For \(g(x) = f(x) + k\), we can apply Rolle's Theorem over the interval \([a, b]\). The constant \(k\) shifts the function vertically but doesn't affect the derivative, hence \(g'(x) = f'(x)\). It also doesn't affect the continuity and differentiability. Moreover, we have \(g(a) = f(a) + k = f(b) + k = g(b)\). Hence, Rolle's Theorem can be applied on \([a, b]\). Thus, the corresponding critical number is c.

For \(g(x) = f(x - k)\), the constant \(k\) shifts the function horizontally but again, it doesn't affect the derivative, hence \(g'(x) = f'(x)\). It also doesn't affect the continuity and differentiability. Moreover, we have \(g(a) = f(a - k)\) and \(g(b) = f(b - k)\). Unless \(a - k = b - k\), \(g(a)\) will not equal \(g(b)\). Rolle's Theorem doesn't immediately apply here. Hence the interval over which Rolle's Theorem can be applied will be difficult to determine without specific values of \(a, b, k\).

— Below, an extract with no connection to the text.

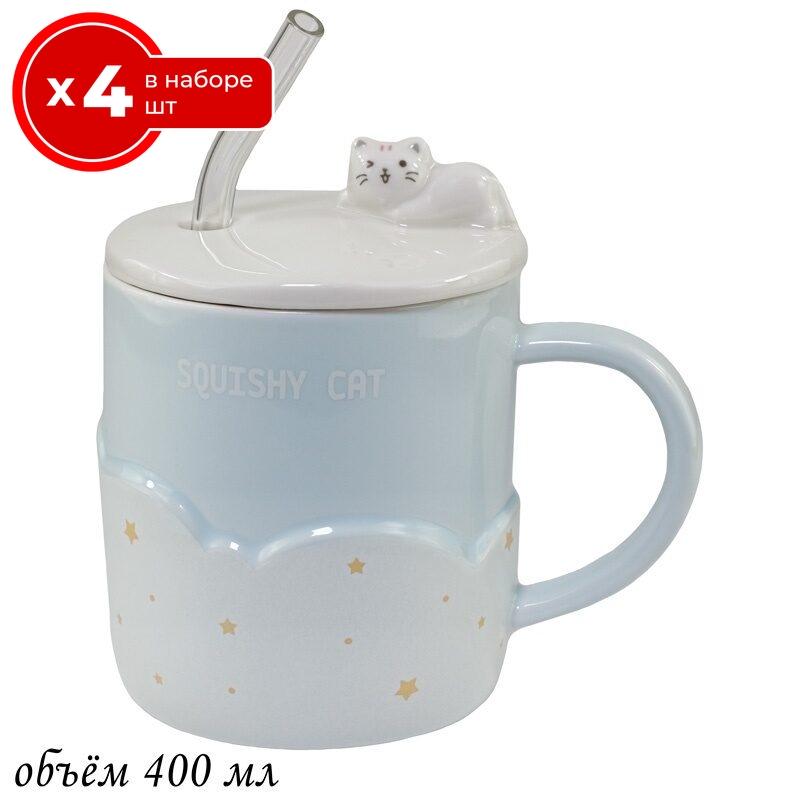 Набор из 4 кружек Lenardi Cat 400 мл, фарфор, чашки для чая и кофе 4 шт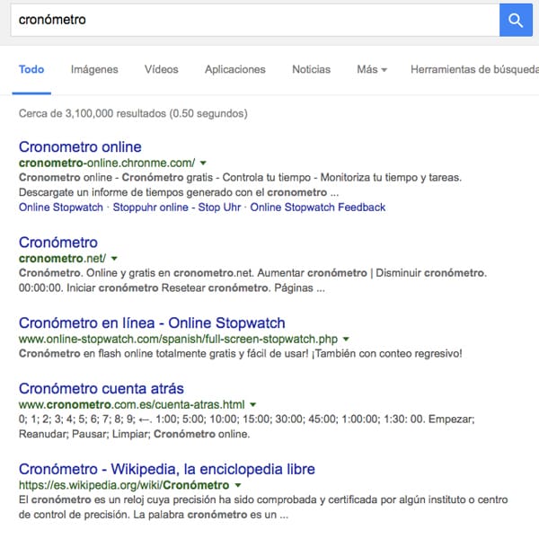 Si escribes “Cronómetro” en el buscador, hasta arriba de los resultados te aparecerá un reloj con el que podrás comenzar a contar el tiempo. Te recomendamos utilizarlo en Chrome, ya que esta apps está diseñadas para este navegador. También puedes utilizar una herramienta similar si escribes “temporizador” o “cuenta atrás”.

For \(g(x) = f(kx)\), multiplying the input by \(k\) results in a horizontal scaling of the function. This affects the derivative, as \(g'(x) = k \cdot f'(kx)\). The function is still continuous and differentiable. However, \(g(a) = f(ka)\) and \(g(b) = f(kb)\). Thus, unless \(ka = kb\), \(g(a)\) will not equal \(g(b)\). Once again, Rolle's Theorem doesn't immediately apply here. Hence the interval over which Rolle's Theorem can be applied will be difficult to determine without specific values of \(a, b, k\).